MEC&F Expert Engineers : Oil Bears Miss Out as Record U.S. Refinery Demand Drives Rally

Wednesday, May 27, 2015

Oil Bears Miss Out as Record U.S. Refinery Demand Drives Rally


Graphic for Oil Bears Miss Out as Record U.S. Refinery Demand Drives Rally in Oil and Gas News
















Published in Oil Industry News on Tuesday, 26 May 2015
Oil speculators missed out as record demand from U.S. refineries helped trim supplies from their highest level in more than eight decades and drive prices higher.

Hedge funds and other money managers reduced their net-long position in West Texas Intermediate crude by 7.1 percent in the seven days ended May 19, the most in two months, U.S. Commodity Futures Trading Commission data show. Short positions anticipating lower prices expanded by 30 percent.

Crude snapped a five-day decline the following day after U.S. production fell to a three-month low and inventories slipped to the least since March. Demand from refineries is the strongest for this time of year on record as they prepare for the nation’s peak driving season.

“There are increasing signs that U.S. production has topped out,” Phil Flynn, senior market analyst at the Price Futures Group in Chicago, said by phone May 22. “Refiners are using a lot of oil.”

WTI futures fell $3.49 to $57.26 a barrel on the New York Mercantile Exchange in the period covered by the CFTC report as the dollar strengthened. The contract climbed 10 cents to $59.82 in electronic trading Monday. Prices have risen 38 percent from the six-year low reached March 17.

U.S. crude-oil production dropped 1.2 percent in the week ended May 15 to 9.26 million barrels a day, the lowest level since Feb. 6, according to the Energy Information Administration.

Rig Count

The agency reduced its 2015 forecast for U.S. oil production on May 12 as the rig count fell. Output was predicted to average 9.19 million barrels a day this year, 40,000 barrels less than the previous month’s estimate.

Crude stockpiles fell by 2.67 million barrels in the seven days ended May 15. Supplies have declined since reaching 490.9 million barrels on April 24, the highest level since 1930. Inventories at Cushing, Oklahoma, the delivery point for WTI futures, decreased for a fourth week to 60.4 million.
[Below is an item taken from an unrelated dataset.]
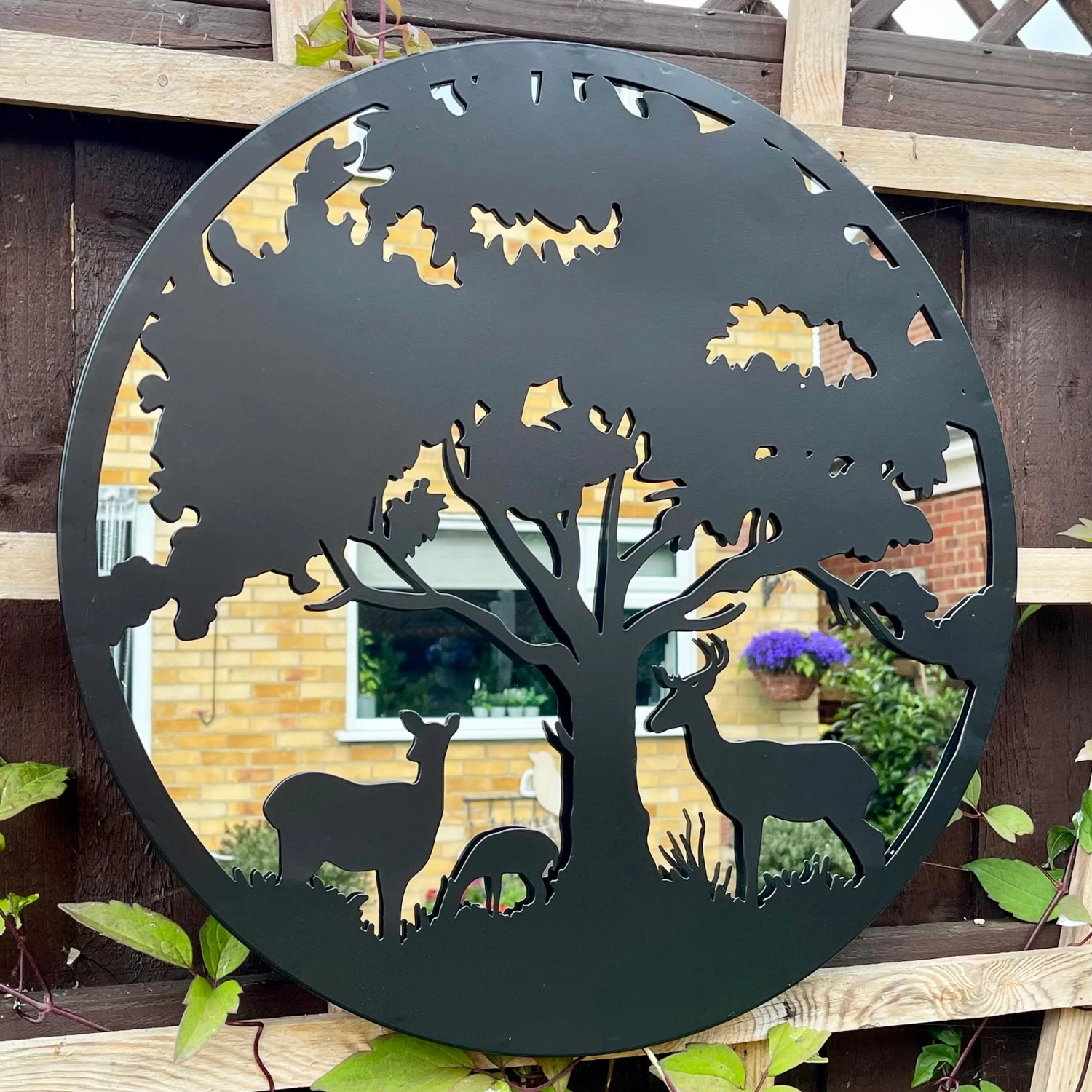 - Features: Black Silhouette, Round Frame, Outdoor, Tree Of Life, Deer Family, Baby Deer
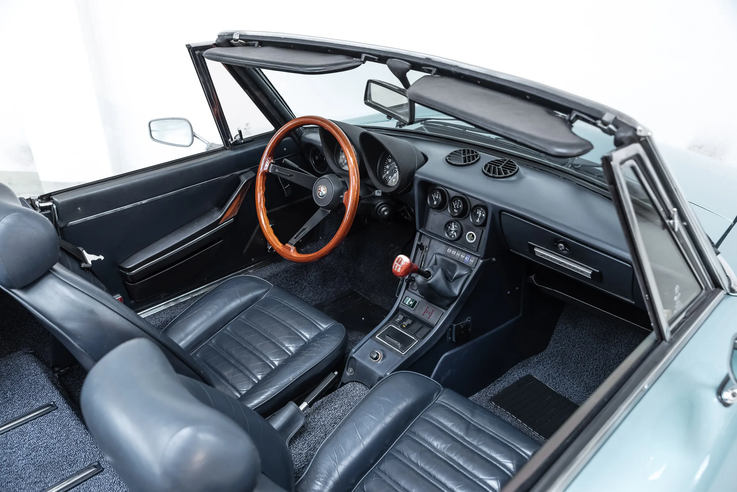 Apart from the Italian flair and technique, this Spider is extra unique; it is an original Dutch delivered Spider which is fully documented. The mileage (79 thousand kilometres) and colour (ice blue with black leather interior) are the arguments that also answer your rational thinking. Outside it is a very nice driver's car, also a good investment!

U.S. refineries used 16.5 million barrels a day of crude and other liquids in the week ended May 15, the most for the time of year in EIA data going back to 1989.

The number of oil drilling rigs decreased to 659 last week, the lowest level since August 2010, according to Baker Hughes Inc. Drillers have idled more than half of the rigs they had active in October.

Supply Glut

“With a falling rig count, it’s inevitable that at some point production will decline,” Gene McGillian, a senior analyst at Tradition Energy in Stamford, Connecticut, said by phone May 21. “The supply glut is easing.”

The net-long position in WTI futures fell by 18,522 to 244,053 futures and options in the week ended May 19, the lowest level since April 14. Short bets increased 16,120 while long holdings slipped 2,402.

Bearish wagers on U.S. ultra low sulfur diesel fell 42 percent to 4,673. Bullish bets on gasoline slipped 0.7 percent to 23,796.

The average U.S. retail price of regular gasoline gained 0.2 cent to $2.74 a gallon on May 24, according to Heathrow, Florida-based AAA, the nation’s biggest motoring group.

U.S. travel over the May 25 Memorial Day weekend is poised to reach a 10-year high as Americans are lured onto the roads by lower prices at the pump, according to AAA.

About 37.2 million Americans will travel more than 49 miles (79 kilometers) over the holiday weekend, a 4.7 percent increase from last year and the second-highest level for the holiday in AAA data.

“You will see higher demand for gasoline as we enter into the driving season,” James Williams, an economist at WTRG Economics, an energy-research firm in London, Arkansas, said by phone May 22. “Inventories will be going down for the next several months.”